ヤオコー川越藤間店オープン、サミット跡地にドミナントのすき間を埋める出店で、小商圏高シェア狙う
2022.04.12
2021.07.01
ヤオコーは7月6日、埼玉県川越市に埼玉県内93店目となるヤオコー川越藤間店をオープンした。全社的には173店体制となり、埼玉県の他、千葉県31店、群馬県16店、東京都 12店、神奈川県9店舗、茨城県7店、栃木県5店の陣容になる。
東武東上線新河岸駅から約1.1km、上福岡駅から約1.5km、国道254号線川越街道沿いのサミットストア跡地への居抜き出店。戸建てや集合住宅、飲食店などが多いエリアで、周辺には自社の店も多い。
直線距離で東方向に約2㎞のイトーヨーカドー跡地には7月中に自社ふじみ野大原店(埼玉県ふじみ野市)がオープンを予定するなど、商圏内でのドミナントのすき間を埋める形の出店が続く形となる。自社で盤石の基盤を築くための小商圏でのシェア争いの激しさを表すような出店である。
1km圏内では人口、世帯数共に増加傾向にある。2km圏内の年齢構成は、40~50歳代、70歳以上がボリュームゾーン。特に1km圏では単身者の割合が35.7%と埼玉県平均の30.5%と比べても高いことが特徴となっている。
足元はシニアの構成比が高いことから、子どもが独立したシニアの2人家族をメインターゲットに、ところどころでグレードの高い商品を差し込んでいる他、鮮魚、果物の構成比が高まるとみる。サブターゲットは40代~50代の2~4人の家族を想定する。
ヤオコーの売場面積は730坪と大型で、テナントとして8月中旬にオープンを予定するスギ薬局の他、100円ショップのワッツ、女性専用フィットネスのカーブス、クリーニング、介護サービスが入り、ショッピングセンターを構成する。
大型店ではあるものの、ストアコンセプトには「店の近くに住むお客さまに信頼され、圧倒的に支持されるお店~『おいしさ』・『楽しさ』・『安さ』で、毎日お客さまに喜んでもらえるお店にしよう~」を掲げる。「店の近く」という表現からは足元商圏の重視、「毎日」という表現からは高シェアを重視していることが伺え、ヤオコーが重視する「小商圏高シェア」戦略を採用していることが分かる。
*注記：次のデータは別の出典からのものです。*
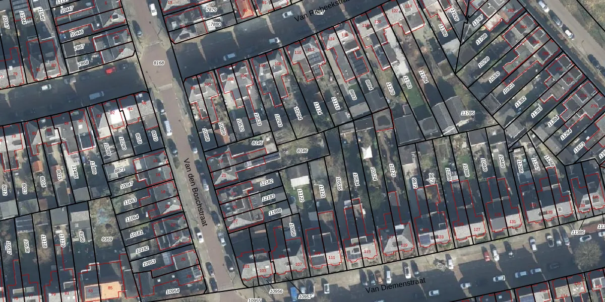 Gebruik de zoekbalk of klik op een perceel om informatie over het perceel te bekijken.

オープン予定のふじみ野大原店の他、北西方向に川越今福店(川越市)、南東方向に上福岡西口店(ふじみ野市)、上福岡駒林店(同)など自社店が多数あることもあり、初年度年商は17億円と、売上規模からするとかなり控えめ。ドミナントの中でいかに小商圏の深掘りをしながら売上げを確保していくかが試される。
そのため、出店に当たっての投資も抑えた。居抜きということもあり、建物をそのまま活用している他、ヤオコーの売場でも什器などは、サミット時代のもので利用できるものは利用。やや天井高が低く感じるが、それでも外観や内装、照明などはヤオコー流に一新することで、新店のような雰囲気になっている。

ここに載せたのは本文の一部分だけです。